A Fabry-Perot interferometer is constructed of two very flat, partially reflecting mirrors held parallel to one another at a fixed distance. Interference occurs among the multiple reflections leading to the condition that wavelengths that exactly divide the spacing between the mirrors by an integer are transmitted very efficiently and all other wavelengths are reflected. Thus if the plates are held fixed at a separation of 10 μm, then radiation at 10, 5, 3.333, … μm will be transmitted. Note that these wavelengths are equally spaced in energy according to the relationship E=hc/l, where l is the wavelength of the light and h and c are Planck’s constant and the speed of light, respectively. This particular FPI technique makes use of these multiple passbands to increase the measurement signal and the resulting signal to noise ratio.
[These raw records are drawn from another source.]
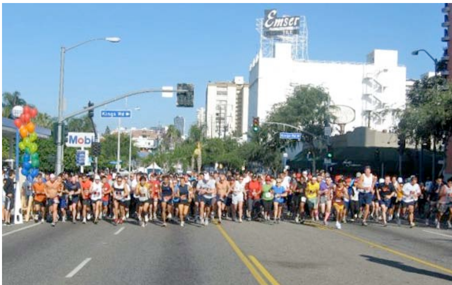
5K Pride Runners dash off moments after the sunny start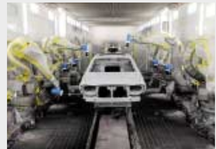
Paint booth utilizing water-based paint

We have reduced volatile organic compounds (VOC) emissions by switching to water-based paint in the painting process. In switching approximately half the painting volume to water-based paint in fiscal year 2004, emissions have decreased by 30%. In the future, we will continue to work to reduce our use of substances with an environmental impact.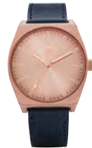
All Rose Gold / Navy 2908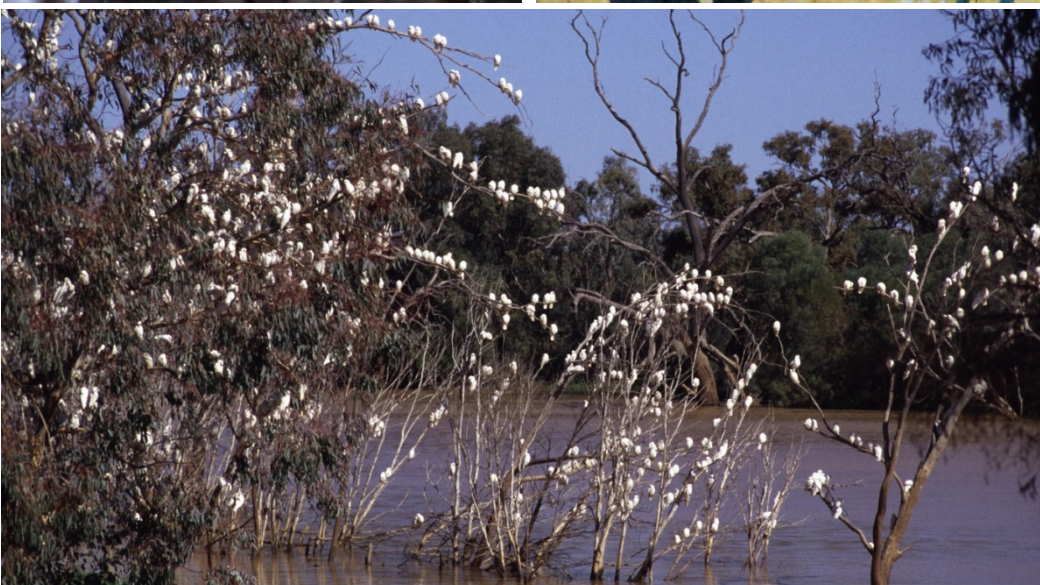
Long-billed Corella (top); Little Corella (centre, left; bottom); Major Mitchell's Cockatoo (centre, right).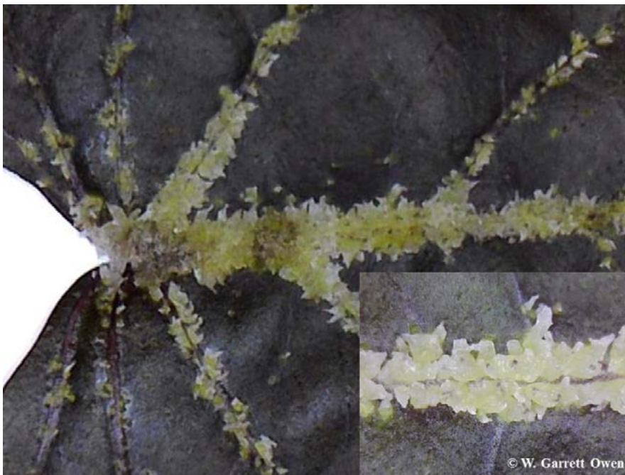
Figure 3. Small green bumps protrude out from the leaf surface, turning translucent or white along the mid-rib.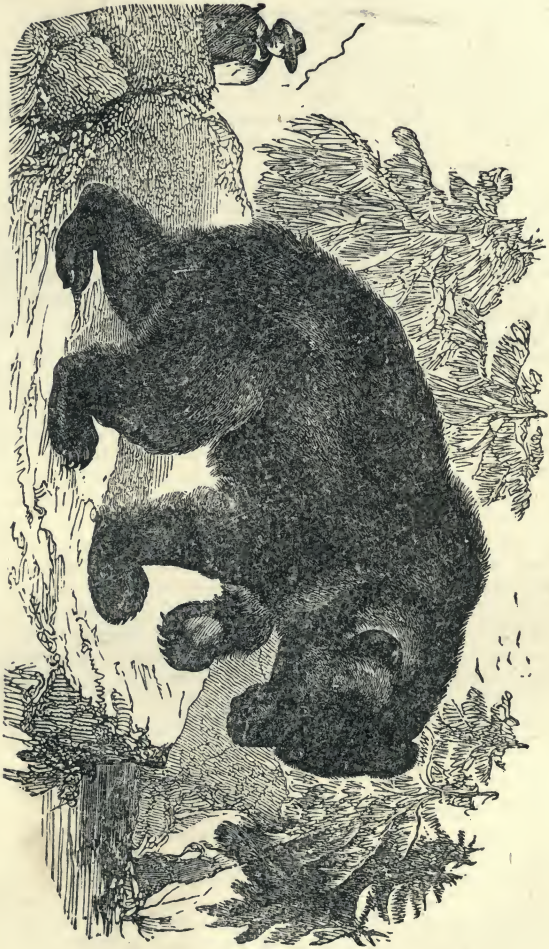
THE GRIZZLY BEAR.—Page 116.

A Fabry-Perot can be tuned to transmit different wavelengths by changing the (optical) spacing between the mirrors. This is commonly done by employing piezo-electric transducers to translate the mirrors by very small distances, while maintaining the very precise parallelism between them. Fixed gap Fabry-Perots can be tuned by tilting, which changes the effective path length between the plates; by using the thermal expansion and contraction of the spacers between the mirrors; and by changing the composition or pressure of the gas that fills the space between the plates, which alters the index of refraction thereby changing the optical separation. Finally, Fabry-Perots can be constructed using a solid substrate of fused silica or optical quality glass onto which reflective coatings are deposited. These devices can be angle tuned or temperature tuned.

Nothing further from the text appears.